Thank you Simon for this interesting article! I think there is a small typo, under the heading" Product Goal", you wrote

"...current Product Goal is fulfilled on discarded."


I believe you meant to write "or" instead of "on".

Kind regards,
Olivier


Miriam Mulders
07:56 am November 9, 2021

Thank you for your effort to provide examples for Product and Sprint goals.
I am having a hard time (like @miklsguthy:disqus) to understand the additional value of these kind of goals, compared to a functional and work breakdown of what the future product globally consists of and what needs to be done to produce it.
This can be expressed and monitored by epics, features, stories and tasks. In some situations, a 'team' goal, rather than a 'product' or 'sprint' goal might serve the team. For example: "In 3 months, the list of open customer tickets must be reduced to 10%". Or "For the upcoming 4 sprints, the team will focus on the new feature X and not be distracted by non-critical support questions" or "Let's strictly follow the DoD for at least three sprints, to see if it still works for us". Such goals help to focus on items that cannot (easily) be grouped by epics, features, etc.
Even if there is a difference between the goal concept that you define here and the list of work items on a Scrum board and an up-to-date, prioritized product backlog, I think it will be a very small difference, with low added value. A team should question itself whether it is worth spending time and energy (discussions, meetings) on defining these type of goals (assuming the team does have epics, features, etc defined).


Rene de Ruyter
01:16 pm March 30, 2022

I am always very much into good Sprint Goals. I am sorry to say I don't agree with your examples. To me they looks like tasks instead of a goal.

A goal is for me something that is pretty SMART and abstract and should be easily associated with a purpose.

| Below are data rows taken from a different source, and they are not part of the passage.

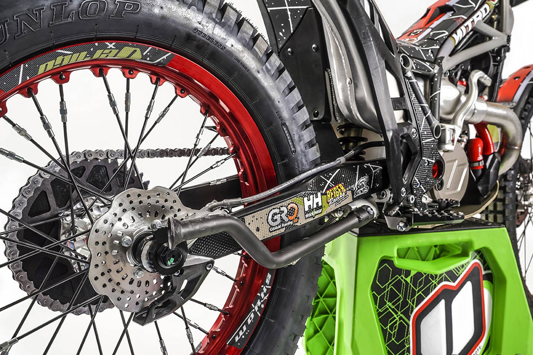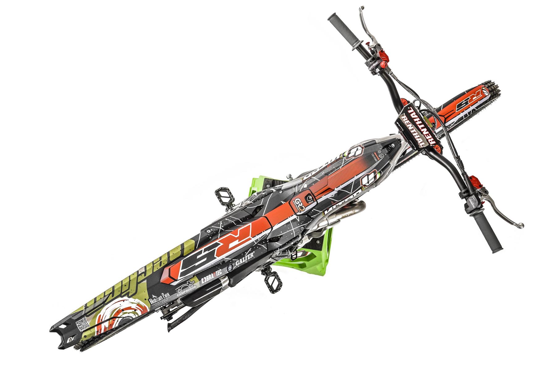 Die Ausstattung dieser Vertigo Nitro RS und RSR ist einfach umwerfend. Die Schlangenhaut verleiht nicht nur einen Racing-Look, sondern schützt auch Schwinge, Gabel und Hilfsrahmen vor Kratzern und Stößen.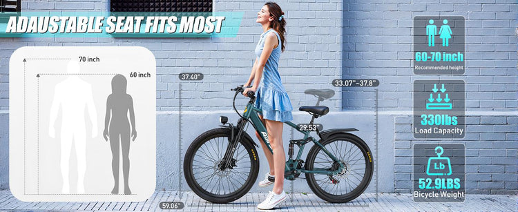 Built to handle rough and uneven surfaces, the integrated dual suspension absorbs impacts for a stable, comfortable ride—whether on paved streets or rugged trails.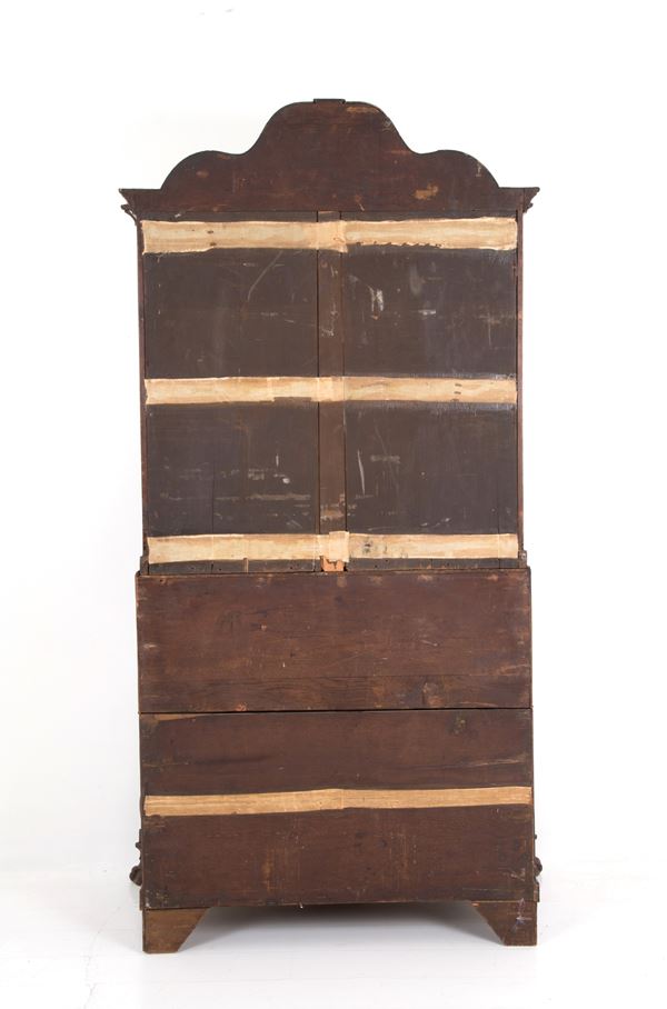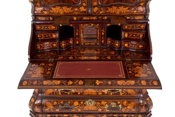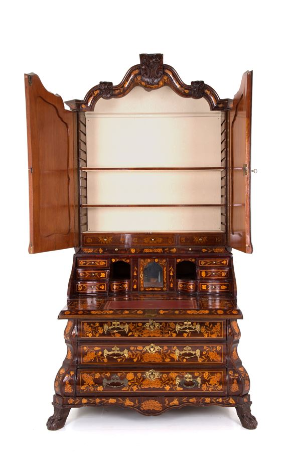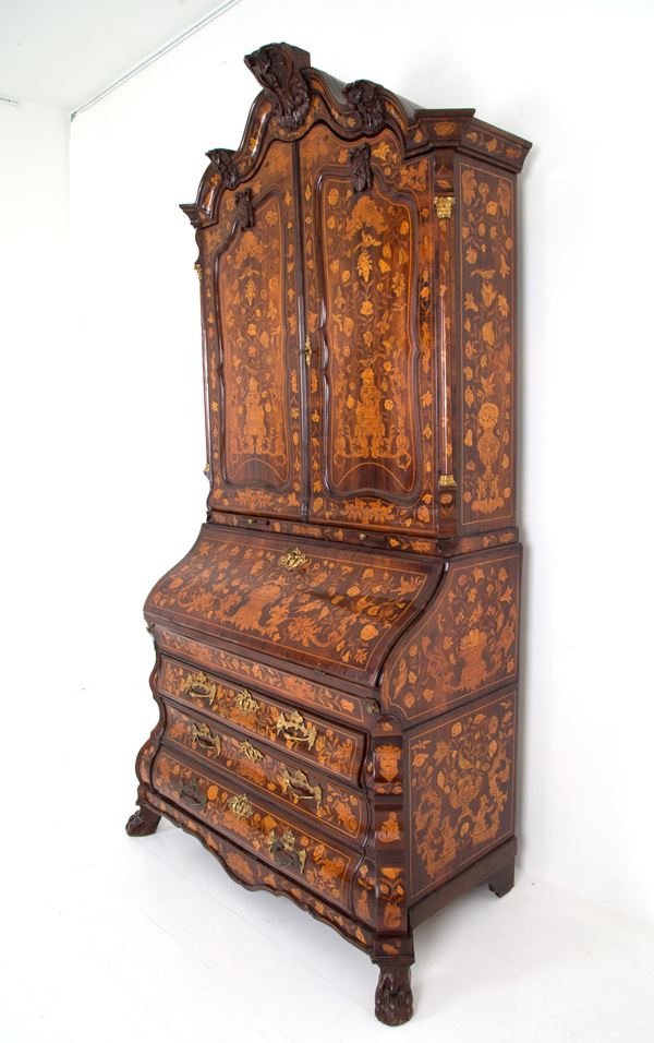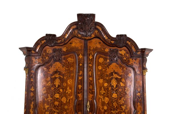 Trumeau intarsiato in legni vari a motivi floreali con vasi, putti, mascheroni e animali con guarnizioni in bronzo dorato. Olanda. Fine XVII-inizi XVIII secolo. Lievi difetti e mancanze.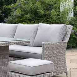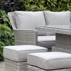 This would be stunning on any decking or patio area. Made from the highest grade rattan and woven around a cast aluminium frame, this set will not rust and is fine to be left outdoors. There is little to no maintenance on this set making it the perfect addition to your home!
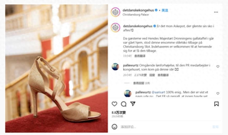 然而,这个童话般的故事并不仅限于宴会和庆祝,它的高潮发生在庆典结束后。当工作人员在清理宴会场地时,发现了一只金光闪闪的高跟鞋,仿佛童话故事中的水晶鞋。第二天,丹麦王室在社交媒体上发布了这只高跟鞋的照片,呼吁失主与他们联系取回。这一事件引发了全球网友的好奇和关注。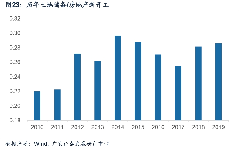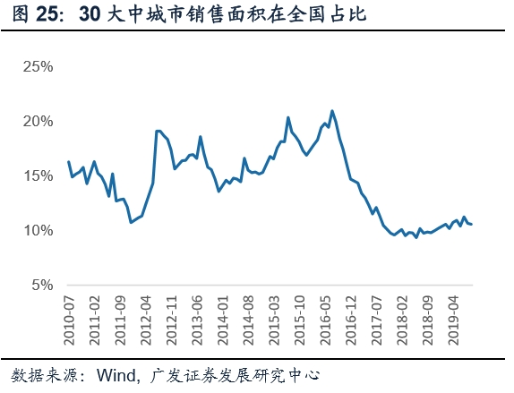 但这种压力是否真的会大幅显性化则需要进一步观察。企业层面的土地储备与新开工是观察新一轮房地产周期的重要指标,而新开工也受到土地储备制约。我们以历年“新开工面积/待开发土地面积”指标进行观察,今年的土地储备水平高于2017与18年。在土地储备偏高/房价相对稳定两个因素的影响下,考虑到“因城施策”的政策基调以及三四线楼市占比将近九成,与若开发商融资规模没有发生大幅收缩,压力则会大致可控。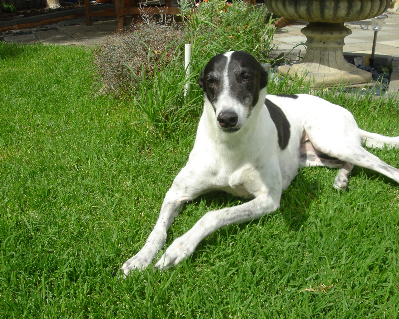 Милый борзой пес на газоне Обои для рабочего стола 1280x1024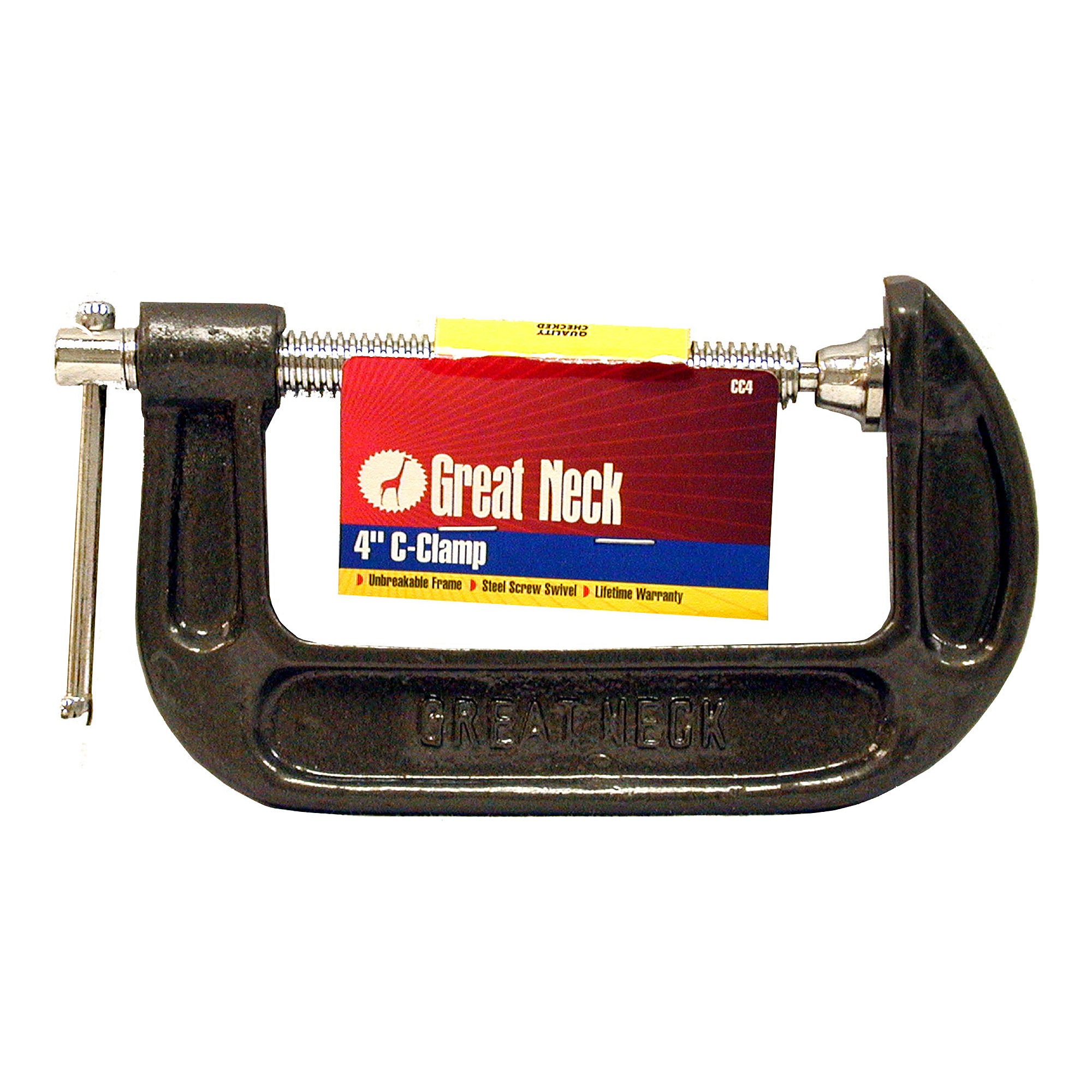 Next time you start a woodworking or welding project make sure you arent without your essential GreatNeck CC4 4-Inch C-Clamp. Made to last through any possible conditions or scenarios our forged clamp is made with a cast iron frame and nickel-plated steel forcing screw that wont rust. Its got the durability and reliability youre looking for in your go-to C-Clamp. C-Clamps are daily use tools for many welders mechanics and carpenters and as such you want to know that youre getting a clamp thats built to last and provides excellent value. The GreatNeck CC4 4-inch C-Clamp is the clamp youre looking for. Its compact design and high-quality build ensure it will do its job without ever getting in the way. This is destined to be your go-to C-Clamp for a variety of jobs. Dont sacrifice quality on your next project. GreatNeck has built its name over the last 100+ years providing the best tools especially woodworking tools and equipment at the very best values. You can trust that when you use ouSpecifications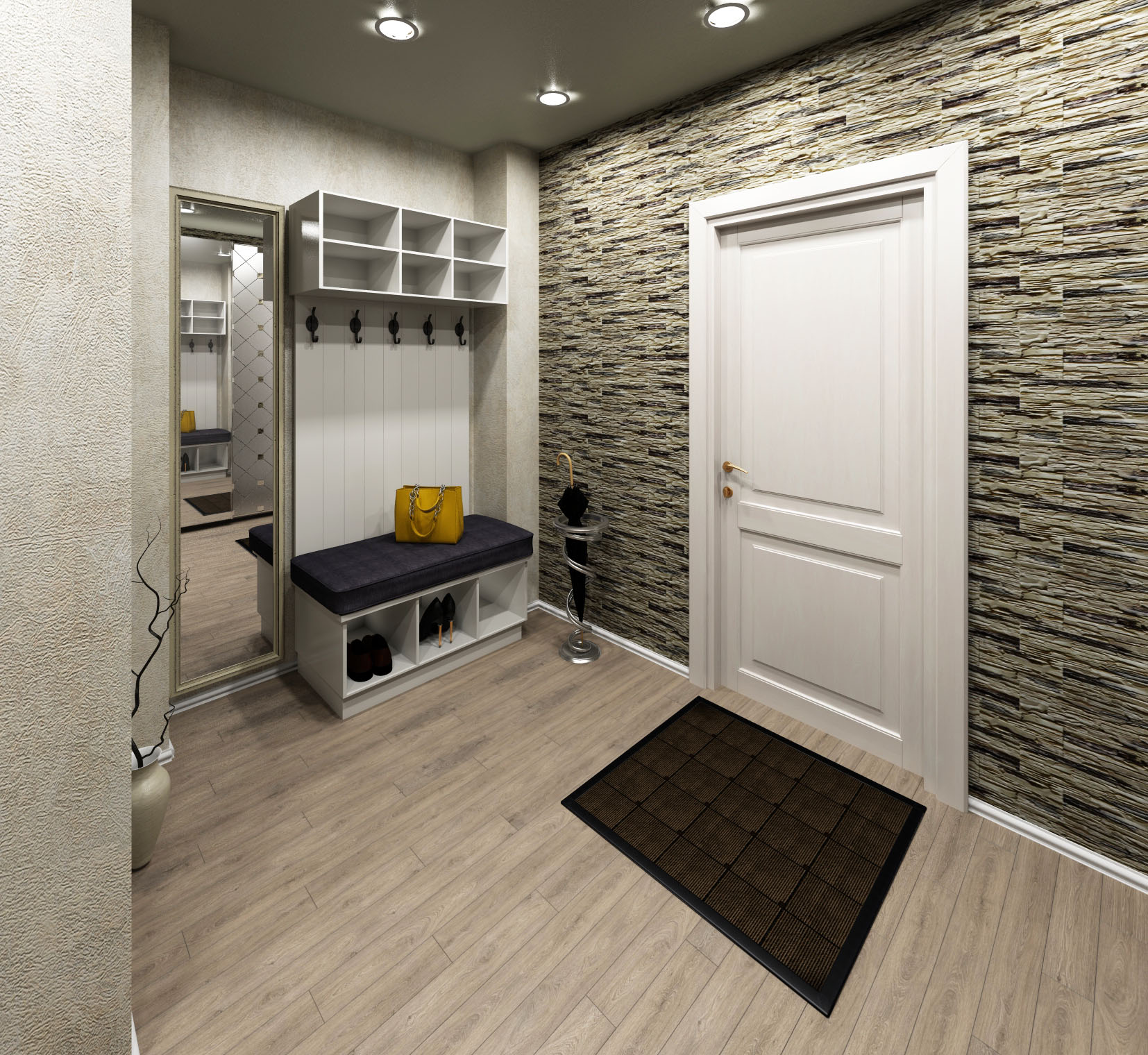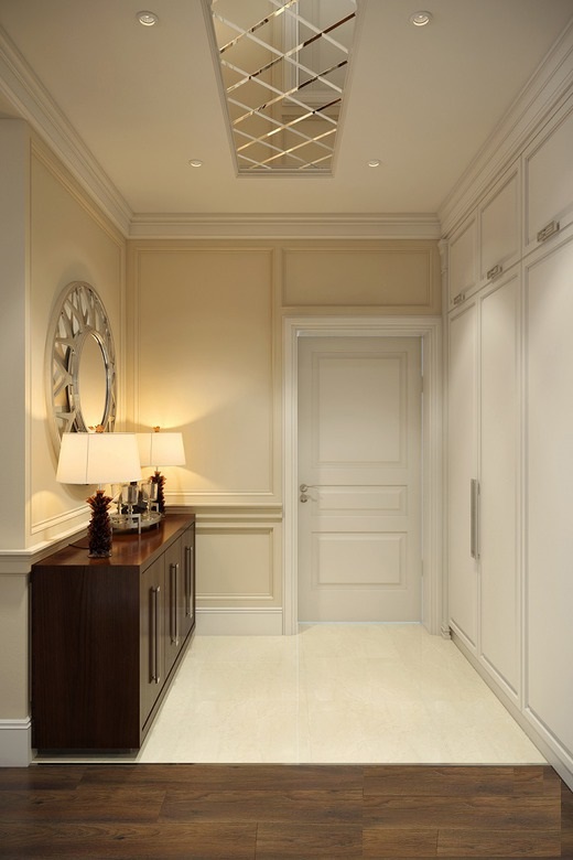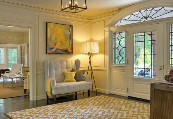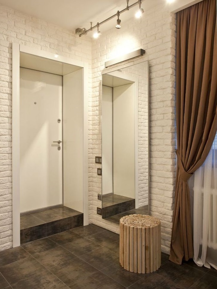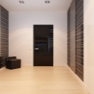 Vous pouvez simplement arrêter le choix sur une teinte plus sombre de la porte et du papier peint clair ou du plâtre texturé blanc, au centre pour placer des lampes à la lumière du jour blanche et obtenir ainsi un intérieur élégant et lumineux.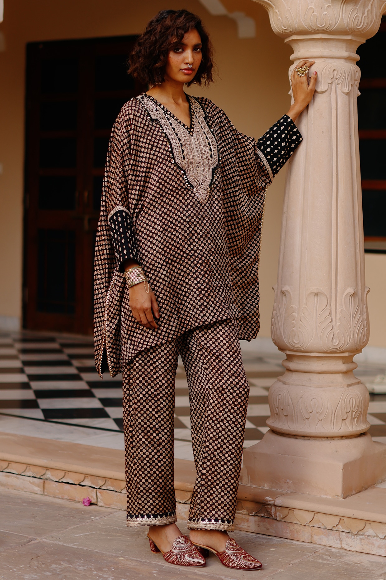 Black Pure Mulberry Silk Embroidered Kaftan Set by Avacara at Pernia's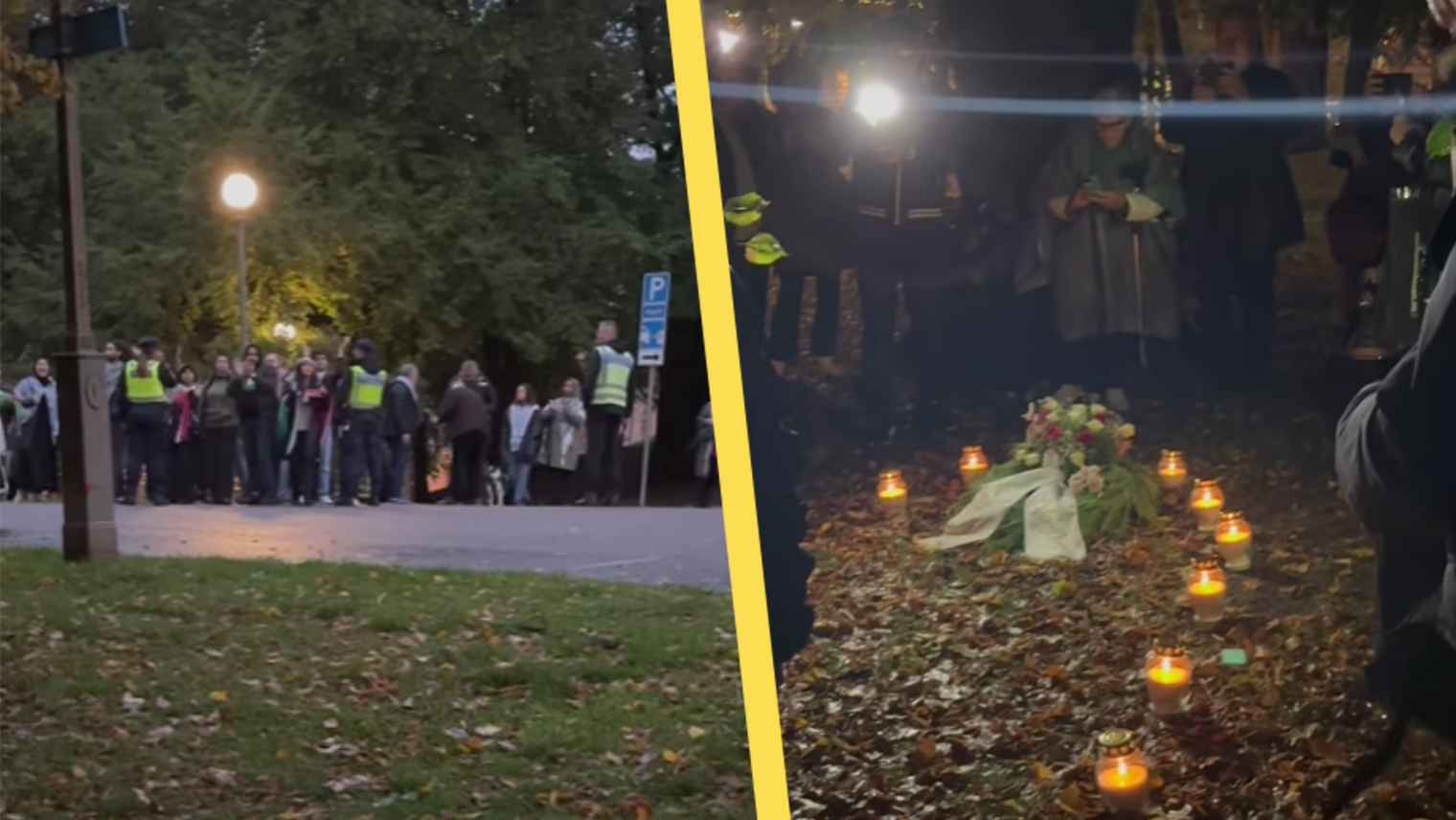 Under minnesstunden började de skandera “Death to the IDF”, “From the river to the sea” och ”Inga sionister på våra gator”, och medan ljusen fortfarande brann slog de till. Mobben sparkade sönder minnesplatsen, välte omkull gravljusen och rev bilderna på Hamas offer.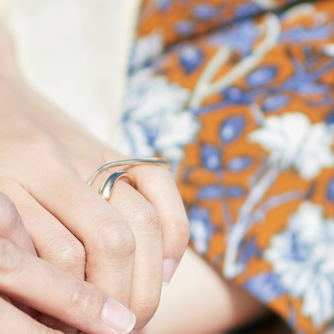 まるでゴールドの光を纏うような伸びやかなラインのリング。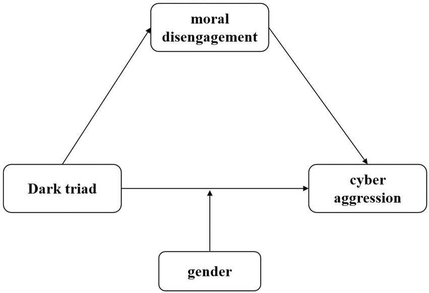 In previous studies, it has been noted that dark triad personality traits in adolescents correlate with their CA (Pabian et al., 2015; Moor and Anderson, 2019), but the potential psychological mechanisms involved have never been fully understood. Moral disengagement (MD) is one potential explanation for the proposed influence of dark triad characteristics on adolescents’ CA. MD is characterized by eight different cognitive mechanisms that enable individuals to violate internalized moral norms and to act unethically without guilt (Moore, 2015). According to social cognitive theory (SCT, Bandura 1989), individuals usually act in prosocial ways and avoid antisocial behaviors due to internal standards. However, people could adopt MD to rationalize their immorally acts, thereby reducing their negative self-judgment and guilty feelings (Bandura et al., 1996). Following this reasoning, numerous empirical and review studies had found that MD promotes various unethical behaviors in adolescents, including aggression, bullying, and cyber bullying (Killer et al., 2019; Bjärehed et al., 2020; Falla et al., 2021; Lo Cricchio et al., 2021). For example, a systematic review found that MD was significantly related to cyber bullying even after the roles of moderating variables were controlled (Lo Cricchio et al., 2021). Thus, MD in adolescents would be speculated as positively associated with their CA.

Something like: Increase the conversion rate by 10 % by providing more payment options.


Suji Sadha
06:49 pm April 26, 2022

How do you write sprint goals for technical stories (eg : Azure migration stories)


Ari R Fikri
04:55 am June 28, 2023

I'd love to see if you can update this article and accommodate product vision, product strategy into this article, even a paragraph if it is not needed or already covered by other ideas in this article.


Paul Hill
03:33 am January 5, 2024

Thank you for the examples. I do have a question though. As part of a company's business plan, there are normally high-level strategic goals, such as Mission Statement, Vision Statement, etc. I have read through many blogs on this topic, but I have yet to see how these tie into that. How do they tie in?


Simon Kneafsey
07:28 am January 5, 2024

All of those and more could be in use. A Product Goal would be a step towards them.


Alex T
10:53 pm June 18, 2024

I couldn't disagree more. Scrum - as defined by Ken Rubin has a very precise intention for each part that has a specific purpose. This list of goals looks more like the backlog should look. If your goals look like this, I wonder how the backlog looks? In Essential Scrum, it seems like the Sprint Goal is not well defined, but the inference in how it's discussed is that it's a single statement, not a bullet list of what could be either story description or even acceptance criteria.